Embodiment 2. The system of embodiment 1 wherein the machine learning model comprises a first machine learning model and the first set of rules comprises a second machine learning model.
Embodiment 3. The system of embodiment 1 or 2, wherein the first patient parameter of the first patient parameter data is sensed by an implantable medical device and the at least one patient parameter is sensed by an external device.
Embodiment 4. The system of any of embodiments 1-3, wherein the first patient parameter data comprises at least one patient parameter determined from electrocardiographic data of the patient, and the at least one parameter comprises a patient parameter determined from at least one of heart sounds of the patient, impedance of the patient, motion of the patient, respiration of the patient, pose of the patient, blood pressure of the patient, chemicals detected within the patient, or optical signals from the patient.
Embodiment 5. The system of any of embodiments 1-4, wherein the instructions cause the processing circuit to activate a sensor to sense the at least one patient parameter in response to the one or more context criteria being met.
Embodiment 6. The system of any of embodiments 1-5, wherein the instructions cause the processing circuit to: the method further includes determining a risk score for cardiac arrest based on applying the first set of rules to the first patient parameter data, and wherein, to determine that the one or more contextual criteria are met, the instructions cause the processing circuit to compare the risk score to a threshold.
Embodiment 7. The system of any of embodiments 1-6, wherein to determine that the one or more context criteria are met, the instructions cause the processing circuit to: determining whether the first determined confidence level of cardiac arrest of the patient is detected; and comparing the confidence level to a threshold.
Embodiment 8 the system of any one of embodiments 1-7, wherein to determine that the one or more context criteria are met, the instructions cause the processing circuit to: determining a power level of the system; and comparing the power level of the system to a threshold.
Embodiment 9. The system of any of embodiments 1-8, wherein the instructions cause the processing circuit to select at least one of the second set of rules or the second patient parameter data based on at least one of a user input associated with the first determination, medical record information of the patient, or a duration of the cardiac arrest indicated by the first determination.
Embodiment 10. The system of any of embodiments 1-9, wherein the first patient parameter data comprises a first set of patient parameters, and wherein the instructions cause the processing circuit to: determining a level of at least one of the first set of patient parameters in the first patient parameter data; and selecting at least one of the second set of rules or a second patient parameter of the second patient parameter data based on the level.
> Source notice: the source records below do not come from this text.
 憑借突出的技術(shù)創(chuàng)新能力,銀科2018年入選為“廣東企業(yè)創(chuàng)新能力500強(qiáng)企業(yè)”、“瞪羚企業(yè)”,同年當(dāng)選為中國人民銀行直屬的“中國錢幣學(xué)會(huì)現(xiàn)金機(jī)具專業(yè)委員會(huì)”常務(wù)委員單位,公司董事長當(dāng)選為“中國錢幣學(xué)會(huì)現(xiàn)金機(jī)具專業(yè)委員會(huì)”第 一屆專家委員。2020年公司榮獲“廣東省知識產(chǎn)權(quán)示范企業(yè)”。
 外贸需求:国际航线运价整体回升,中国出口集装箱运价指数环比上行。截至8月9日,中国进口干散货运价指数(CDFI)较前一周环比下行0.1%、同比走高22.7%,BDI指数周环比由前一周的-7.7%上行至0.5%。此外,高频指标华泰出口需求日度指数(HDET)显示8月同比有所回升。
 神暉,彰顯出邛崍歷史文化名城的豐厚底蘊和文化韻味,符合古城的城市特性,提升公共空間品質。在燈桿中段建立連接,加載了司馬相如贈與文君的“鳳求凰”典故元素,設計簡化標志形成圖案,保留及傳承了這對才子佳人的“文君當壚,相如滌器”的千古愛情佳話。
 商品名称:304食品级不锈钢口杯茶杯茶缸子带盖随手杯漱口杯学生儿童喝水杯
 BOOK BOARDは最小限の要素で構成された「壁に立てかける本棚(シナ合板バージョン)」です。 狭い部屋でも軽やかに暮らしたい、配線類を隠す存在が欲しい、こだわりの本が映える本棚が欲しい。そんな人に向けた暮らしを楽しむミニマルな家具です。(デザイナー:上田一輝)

Embodiment 11. The system of any of embodiments 1-10, wherein the first patient parameter data comprises at least one patient parameter determined from electrocardiogram data of the patient, and the second patient parameter data comprises at least one of a morphological change or a frequency offset of the electrocardiogram data over time.
Embodiment 12. The system of any of embodiments 1-11, wherein the first patient parameter data and the second patient parameter data comprise at least one common patient parameter, wherein the instructions cause the processing circuit to change a mode of sensing the common patient parameter between the first patient parameter data and the second patient parameter data in response to the one or more context criteria being met.
Embodiment 13 the system of any of embodiments 1-12, wherein the processing circuitry comprises processing circuitry of at least one of an implantable medical device or a computing device configured for wireless communication with the implantable medical device.
Embodiment 14. The system of any of embodiments 1-13, wherein the instructions cause the processing circuit to select at least one of the first set of rules or the second set of rules based on the patient's health record data.
Embodiment 15. The system of any of embodiments 1-14, wherein the instructions cause the processing circuit to update at least one of the first set of rules or the second set of rules based on feedback data indicating whether the second determination is true or false.
Embodiment 16. A method comprising, by a processing circuit: applying a first set of rules to the first patient parameter data for a first determination of whether sudden cardiac arrest of the patient is detected; determining that one or more context criteria of the first determination are satisfied; and in response to the one or more context criteria being met, apply a second set of rules to the second patient parameter data for a second determination of whether sudden cardiac arrest of the patient is detected. At least the second set of rules includes a machine learning model and the second patient parameter data includes at least one patient parameter not included in the first patient parameter data.
Embodiment 17. The method of embodiment 16 wherein the machine learning model comprises a first machine learning model and the first set of rules comprises a second machine learning model.
Embodiment 18. The method of embodiment 16 or 17, wherein the first patient parameter of the first patient parameter data is sensed by an implantable medical device and the at least one patient parameter is sensed by an external device.
Embodiment 19. The method of any of embodiments 16-18, wherein the first patient parameter data comprises at least one patient parameter determined from electrocardiographic data of the patient, and the at least one parameter comprises a patient parameter determined from at least one of heart sounds of the patient, impedance of the patient, motion of the patient, respiration of the patient, pose of the patient, blood pressure of the patient, chemicals detected within the patient, or optical signals from the patient.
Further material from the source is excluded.